Он думал, что Дьюлла проскользнет мимо наставницы и спустится по лестнице, но к его ужасу, кузина вдруг перебросила ногу через подоконник. Это был коварный удар – вот так увидеть ножку прекрасной дамы от пятки до… до… Рик стремительно отвернулся, хватая ртом воздух и пытаясь придти в себя, но так же стремительно повернулся обратно к окну.

- Ты куда?! – заорал он бешеным шепотом, потому что кузина вполне серьезно собиралась спускаться из окна на землю по стеблям плюща.

- Ты же сам сказал – спускайся, - ответила Дьюлла недоуменно. Она смотрела на него через плечо, уже стоя обеими ногами на узком приступочке, не более ладони в ширину.

- По лестнице!!

- Хорошо, хорошо, что же ты так кричишь? – она пожала плечами и полезла в комнату.

Рик едва успел закрыть глаза, чтобы не стать свидетелем еще большей откровенности, и дал себе слово объяснить Дьюлле всю непристойность ее поведения. Объяснить… обязательно рассказать, что нельзя вот так бесстыдно показывать… показывать…

Он не успел додумать мысль, потому что Дьюлла выбежала из-за угла замка и бросилась ему на шею. Кузина и не подумала накинуть халат или платье, и теперь красовалась в ночной сорочке без рукавов. Длинный подол скрывал ноги, но тонкая ткань позволила ощутить и тепло, и нежность, и упругость. Рик поспешно отстранился и взял Дьюллу за руку.

13. Путешествие в прошлое

Путь в Вальшир вместе с дорогим, милым, обожаемым Риком казался Дьюлле путешествием в райские земли. Они ехали медленно, наслаждаясь прекрасной погодой и живописными окрестностями. Дьюлла наслаждалась скачками на Шефрефей, а когда уставала – пересаживалась в карету. Рик почти все время ехал верхом, и девушка не замечала в нем ни малейших признаков усталости, и восхищалась этим. Впрочем, ее восхищало в кузене все – она не видела в нем недостатков, да и не пыталась их увидеть, уверенная, что недостатков просто быть не может.

Подумать только! Он решил отыскать матушку Зайчиху! И подарил такую красивую лошадь! Самый, самый лучший! Дьюлла смотрела на брата, и сердце ее переполнялось восторгом, счастьем и нежностью.
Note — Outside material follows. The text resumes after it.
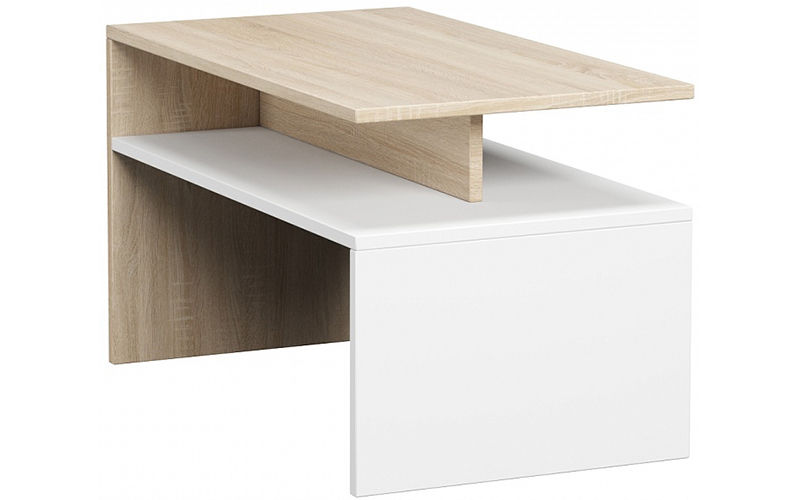 Журнальный стол Дрезден неординарной геометричной формы для стильной гостиной. Модель весьма функциональна можно организовать чаепитие, пространство для игр детей или занятия рукоделием. Под столешницей находится полка, разделенная перегородкой. Накладки на опорах защитят напольное покрытие. Стол изготовлен из ЛДСП в контрастных оттенках натурального дерева, благодаря чему выглядит уютно и эффектно.

В один из ясных дней, когда они, переночевав в гостевом доме, отправились дальше на юг, Дьюлла чувствовала себя особенно счастливой и беспечной. Они с Риком ехали рядом, и девушка незаметно горячила Шефрефей, понукая ее ускорить шаг.

- Думаешь, я не вижу, что тебе не терпится пустить Шефрефей вскачь? – спросил Рик со смехом.

- Давай наперегонки до тех дубов! – крикнула Дьюлла уже через плечо, перестав сдерживать лошадь.

Всадники держались наравне, но у дубов Рик чуть придержал коня, чтобы Дьюлла оказалась победителем.

- Обманщик! – сказала она, задыхаясь от счастья. - Это прекрасно! Это чудесно! – она схватила его за руку. – Рик, я словно летела!

«Малиновка моя, не улетай», - вспомнил Рик строки старинной песни. [1]

- Подождем остальных, - он спрыгнул на землю и придержал стремя Дьюлле, помогая ей спуститься. – И лошади пока отдохнут.

- А ты сейчас почти не хромаешь, - сказала Дьюлла, глядя, как он оглаживает разгоряченных скачкой лошадей, успокаивая их.

- Хромота - не уродство, - говорит Рик, - если ты думала об этом. Просто ранили. Сейчас рана уже почти зажила.

- Ранили! Как страшно! – ахнула Дьюлла.

- Нет, - добродушно возразил Рик, - это совсем не страшно. Могло быть и хуже.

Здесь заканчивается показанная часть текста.